US Dollar Resumes Strengthening Amid Election Uncertainty and Safe-Haven Demand

The US Dollar accelerated its rally on Wednesday ahead of the US opening bell, driven by heightened uncertainty surrounding the upcoming presidential election and a surge in safe-haven inflows as equities continue their downbeat performance. The Dollar Index (DXY) gained momentum as investors sought refuge amid increasing volatility in risk assets.
Technical picture in DXY currently showing strong upside momentum, reflected in its sharp rise from recent lows. However, technical indicators, including the RSI near overbought territory, suggest that the move is becoming overstretched in the short term. A key target for bulls appears to be around the 106 level, which aligns with the upper bound of the medium-term descending price corridor. Given this, bullish positions may be more appealing following a pullback, especially if the DXY finds support around 104, offering a better risk-reward setup:

Market participants are particularly concerned about the potential re-election of President Trump, which could usher in a continuation or escalation of trade tensions. A Trump victory raises the specter of higher tariffs, significantly impacting exports from key US trading partners such as the Eurozone, Canada, Mexico, China, and Japan. This scenario could disrupt global supply chains and dampen international trade, adding to the appeal of the USD as a safe-haven currency.

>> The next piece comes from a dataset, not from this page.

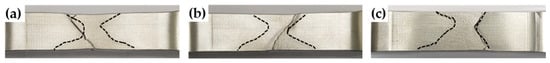 Appearance of aluminum 5083 alloy GMA weld bending test specimen using filler wires with different magnesium and manganese contents: (a) W1; (b) W2; (c) W3.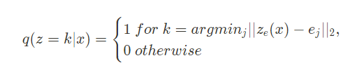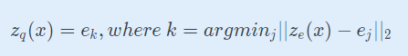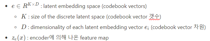 - encoder output z_e(x)의 k번째 vector와 L2 distance가 최소로 되는 j번째 codebook vector e_j가 존재할 때, 1, 나머지는 0으로 one-hot encoding.

US Treasury bonds extended their sell-off, pushing yields higher across the curve. The benchmark 10-year yield added more than 0.15% since the start of the week. This upward movement reflects market pricing of a modest policy easing (25 bp rate cut) at the upcoming FOMC meeting on November 7, with interest rate derivatives indicating a nearly 90% probability of a cut versus a 10% chance of rates remaining unchanged.This cautious outlook on monetary easing is further supported by the IMF raising its US growth forecast for this year to 2.8%, up from the 2.6% projected in July. The combination of accommodative monetary policy and robust economic growth enhances the attractiveness of US assets, contributing to the strength of the USD.
The US Mortgage Bankers Association (MBA) reported a fourth consecutive week of declining mortgage applications, with a 6.7% contraction for the week ending October 18, following a steep 17% drop the prior week. The sustained decrease suggests that higher borrowing costs are dampening demand in the housing market. Elevated mortgage rates, driven by rising Treasury yields, are impacting affordability and could lead to a slowdown in residential investment, a key component of GDP growth.

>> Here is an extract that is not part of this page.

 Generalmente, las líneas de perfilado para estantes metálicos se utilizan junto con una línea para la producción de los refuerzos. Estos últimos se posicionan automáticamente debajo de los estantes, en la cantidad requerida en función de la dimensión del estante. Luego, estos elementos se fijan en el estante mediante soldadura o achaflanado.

The British Pound remains below the psychological resistance level of 1.3000 against the USD. The currencyis under pressure as traders await a speech by BoE Chair Andrew Bailey later today. Market participants are keen to glean insights into the BoE's monetary policy trajectory for November and December, especially as traders have priced in another interest rate cut in November.
On the technical side, GBP/USD pair has seen its short-term bullish trend weaken significantly as sellers have successfully pushed the price below the key 1.30 level, signaling a break of the lower bound of the ascending channel. This breach suggests that the upside momentum has been lost, and further downside pressure is likely. The next significant technical target for sellers is around the 1.28 level, where the 200-day SMA provides potential support, marking a critical level for the pair in the medium term:

Crude oil prices halted their two-day surge on Wednesday after the API weekly report indicated a larger-than-expected increase in US stockpiles. The API data revealed a build of 1.64 million barrels, surpassing the forecasted 0.7 million barrels and reversing the previous week's draw of 1.58 million barrels. The surprise build somewhat increased concerns about oversupply in the market, which could offset recent price gains.

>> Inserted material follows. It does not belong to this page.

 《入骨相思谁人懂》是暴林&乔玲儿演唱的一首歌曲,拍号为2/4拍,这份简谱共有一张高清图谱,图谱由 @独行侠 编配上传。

Markets are now awaiting the EIA report due later today. The consensus expectation is for a modest build of 0.7 million barrels following a significant drawdown of 2.2 million barrels a week earlier. Should the EIA confirm a larger-than-anticipated increase in inventories, it may signal persistent oversupply issues, potentially leading to a pullback in crude prices toward the $70.00 per barrel mark or lower.